Monitoring the effect of first-line treatment in RAS/RAF mutated metastatic colorectal cancer by serial analysis of tumor specific DNA in plasma.

Abstract

3593 Background: Personalized medicine calls for an early indicator of treatment failure. Circulating tumor DNA (ctDNA) is a promising marker in this setting and our prospective study explored the association between disease control and change of ctDNA during first line chemotherapy in patients with RAS/RAF mutated metastatic colorectal cancer (mCRC).

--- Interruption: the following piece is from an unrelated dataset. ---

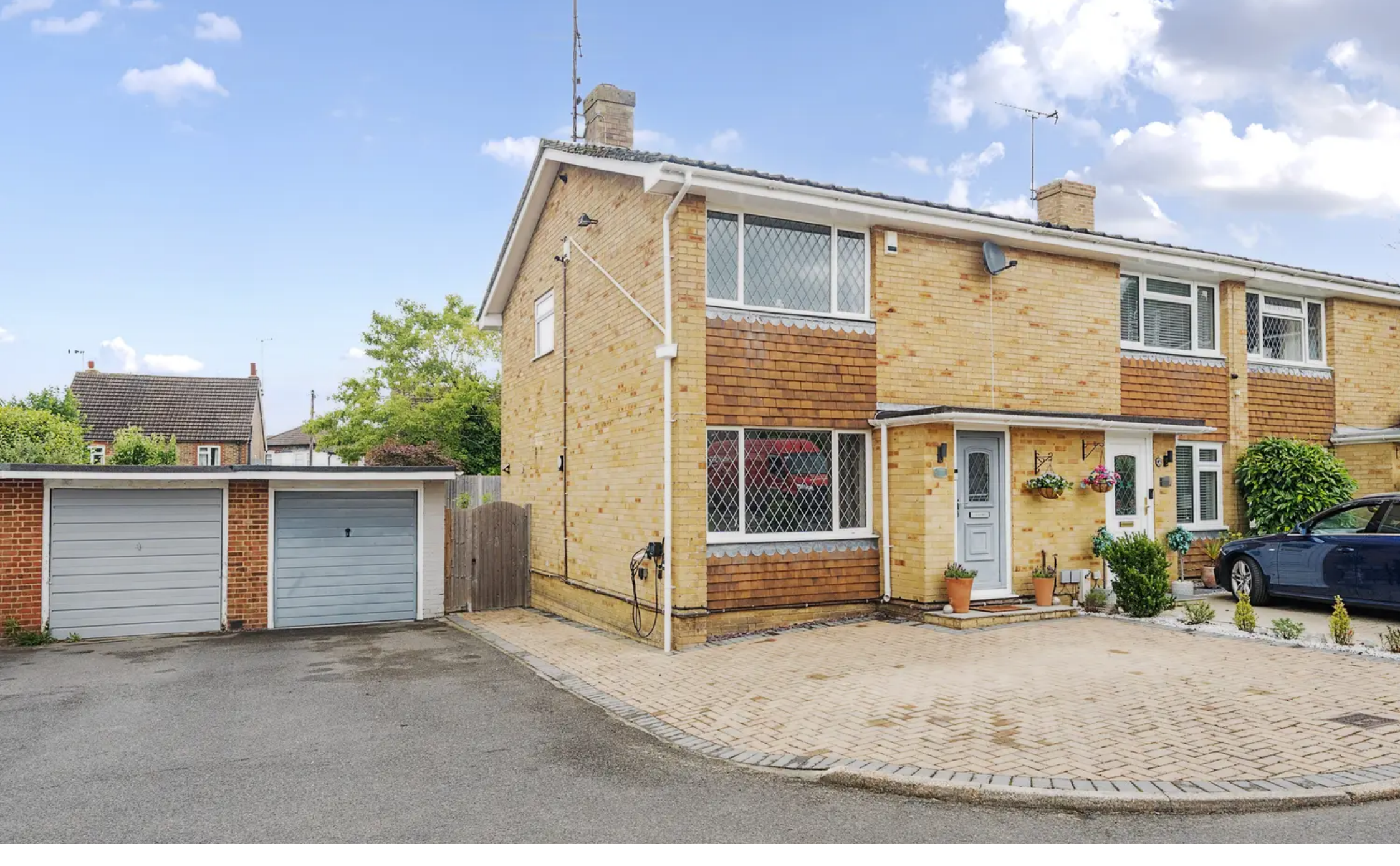
35 Butlers Road, Horsham Guide Price £400,000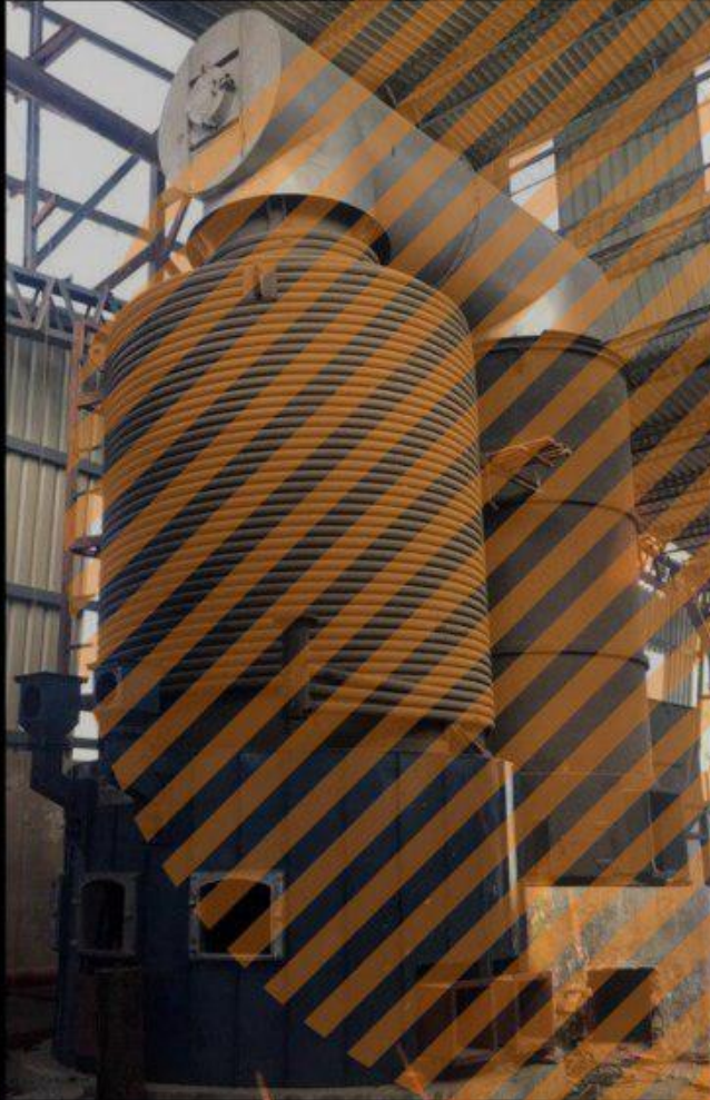
Double coil designs

Methods: The present study included 138 mCRC patients receiving standard first line combination chemotherapy. In patients with a RAS/RAF mutated tumor the same mutation was quantified in the plasma using droplet digital PCR (ddPCR). The fractional abundance of ctDNA (ctDNA level) was assessed in plasma before treatment start and at every treatment cycle until radiologically defined progressive disease (PD). Results: RAS/RAF mutations were detected in the plasma from 77 patients (94% of patients with a tumor mutation). Twenty patients progressed on treatment and 57 stopped treatment without progression. The presence of a RAS/RAF mutation in plasma correlated to overall survival (OS) with a median of 24.2 months for patients with a wild-type tumor compared to 12.7 months for patients with a mution in plasma. A substantial increase in ctDNA level was highly associated with progression on treatment (risk ratio = 4.58, 95%CI = 1.99-10.51, p < 0.0001). Furthermore, with a stable ctDNA level the chance of non-progression was 88.2% (range 76.1-95.6%). The first substantial increase in ctDNA level occurred at a median of 51 days (range 14-133 days) before radiologically confirmed PD. Conclusions: The results indicate that ctDNA level may be predictive of treatment effect in patients with mCRC. An increase was observed to correlate with high risk of progression with a relevant lead time, whereas an unchanging ctDNA level related to stable disease.